Let's consider an (extremely!) small example. Suppose we have a 2-layer MLP with ReLu, as above. Suppose our inputs are in \(\mathbb{R}^1\) and our outputs are in \(\mathbb{R}^1\), and we have one hidden unit, i.e., the weights of the neural network are just two scalars \(w_1, w_2\). Suppose our dataset is \((x_i, t_i) = (i, i^2)\), for \(i = 1, 2, 3\) (i.e., we are fitting a quadratic function). We can write down the optimization problem, and solve it in Mathematica, as follows:
(* Given data *)
x1 = 1;
x2 = 2;
x3 = 3;
t1 = 1;
t2 = 4;
t3 = 9;
(* vars *)
vars = {w1, w2, h1, h2, h3};
(* Loss *)
loss =
(w2 h1 - t1)^2 +
(w2 h2 - t2)^2 +
(w2 h3 - t3)^2;
(* forward passes *)
constraints = {
(* point 1 *)
h1 >= 0,
h1 - w1 x1 >= 0,
h1 (h1 - w1 x1) == 0,
(* point 2 *)
h2 >= 0,
h2 - w1 x2 >= 0,
h2 (h2 - w1 x2) == 0,
(* point 3 *)
h3 >= 0,
h3 - w1 x3 >= 0,
h3 (h3 - w1 x3) == 0
};
Minimize[{loss, constraints}, vars]
Mathematica returns the following solution (the first number is the minimum value, and the second is a list of the values of the variables):
\[
\left\{\frac{38}{7},\left\{w_1\mapsto\frac{1}{3},w_2\mapsto\frac{54}{7},h_1\mapsto\frac{1}{3},h_2\mapsto\frac{2}{3},h_3\mapsto1\right\}\right\}
\]
Now, I won't mince words: this method is totally impractical for anything even a little bit larger! CAD's complexity is doubly exponential in the number of variables. We can work out the number of variables in our problem. Again, let's consider the two-layer MLP with ReLu. For \(W_1\), we have \(n \times m\) variables. For \(W_2\), we have \(m \times p\) variables. For the hidden activations, we have \(N \times m\) variables. So, in total, we have \(m (n + p + N)\) variables.

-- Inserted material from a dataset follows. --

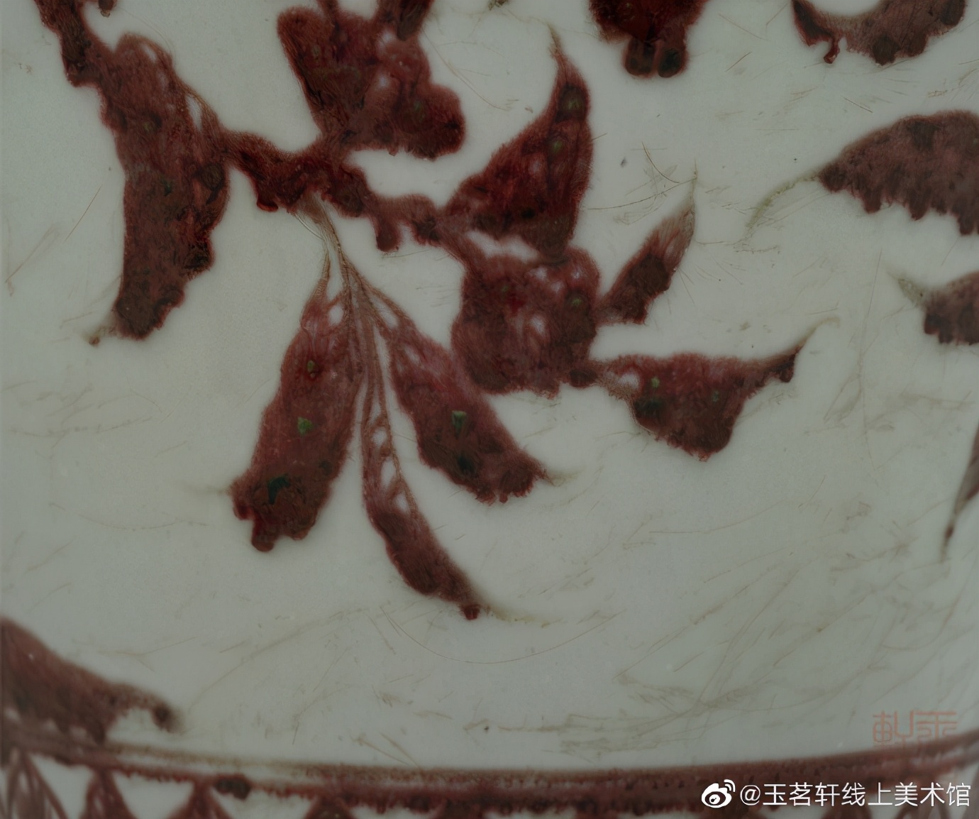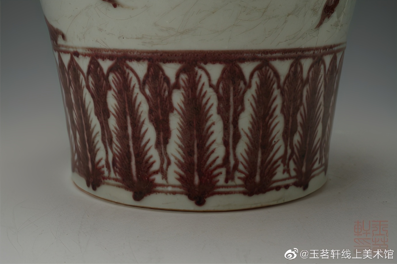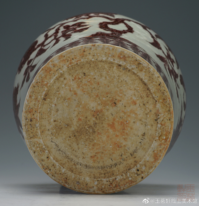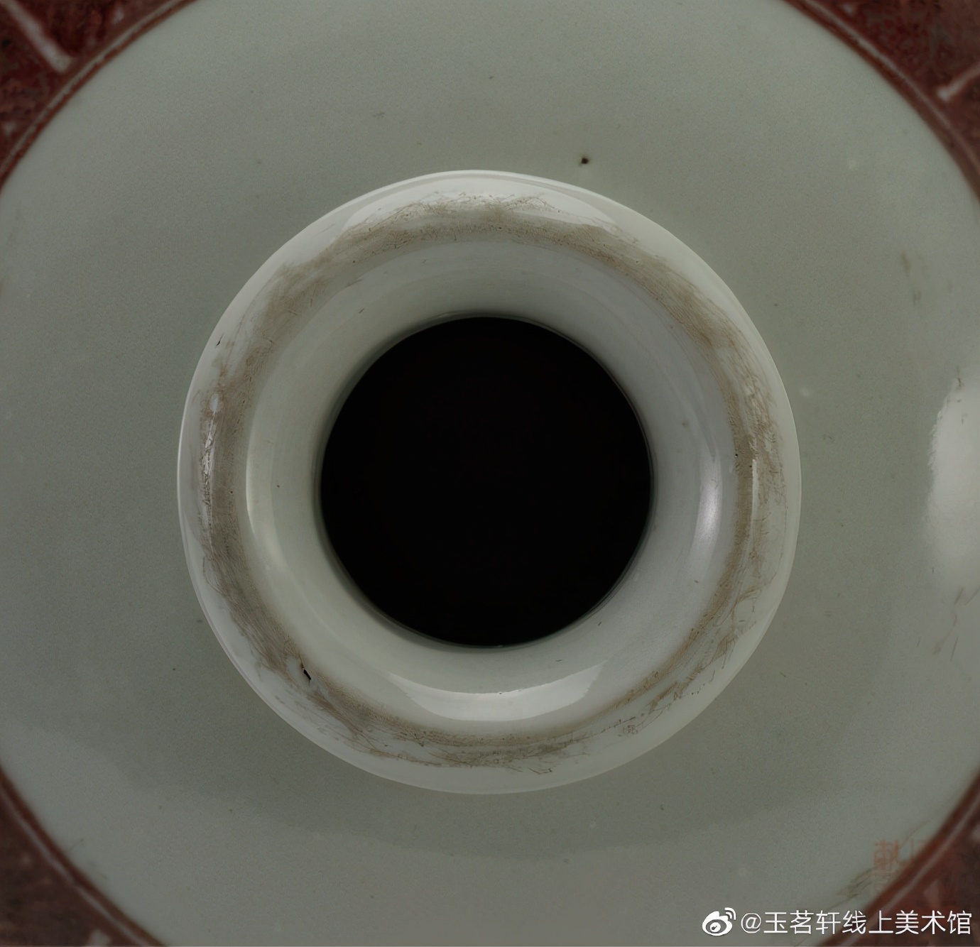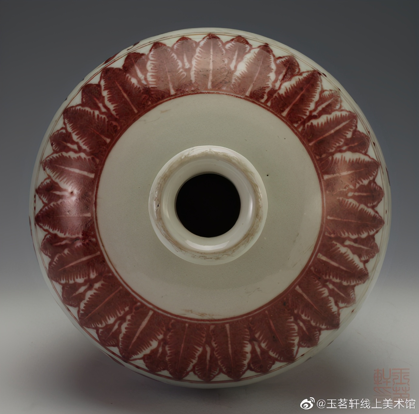 此釉里红梅瓶凸显永乐朝一贯的拓扑少文风格,从器形到绘画,结体恢弘,神丰骨挺,大气浑然,绘画法度严谨,不拘小节,于平实中见严谨洒脱。釉里红绘画从技法到窑温发色控制俱佳。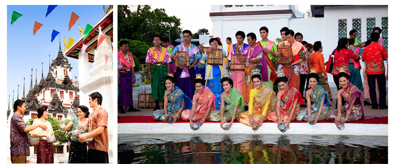 1.)為年齡超過60歲以上的長者潑水,為了表示尊敬和祝福,可以用有香味的水灑在長者的手上。

We can generalize this an \(L\) layer MLP. Suppose the input dimension is \(d_0\), with hidden dimensions \(d_1, \ldots, d_{L-1}\), and output dimension \(d_L\). First, the total number of weight variables we have is \( \sum_{i=0}^{L-1} d_i d_{i+1} \). For hidden activations, we have \( N \sum_{l=1}^{L-1} d_l \). So, in total, we have \( \sum_{i=0}^{L-1} d_i d_{i+1} + N \sum_{l=1}^{L-1} d_l \) variables.
Now, because CAD has complexity \( 2^{2^\text{# vars}} \), this procedure is totally infeasible for any but the tiniest of problems, like the one I worked out above.
Is there any easier way to exactly train a neural network? Likely not! It has been shown that exact training of a neural network is in the complexity class \( \exists \mathbb{R}\)-complete, which means it is equivalent to solving a system of polynomial (in)equalities. The reformulation I gave above shows indeed that it lies in \( \exists \mathbb{R}\). In the paper, they also show the other direction, i.e., that it is \(\exists \mathbb{R}\)-hard. Hence, exact training of a neural network is \(\exists \mathbb{R}\)-complete.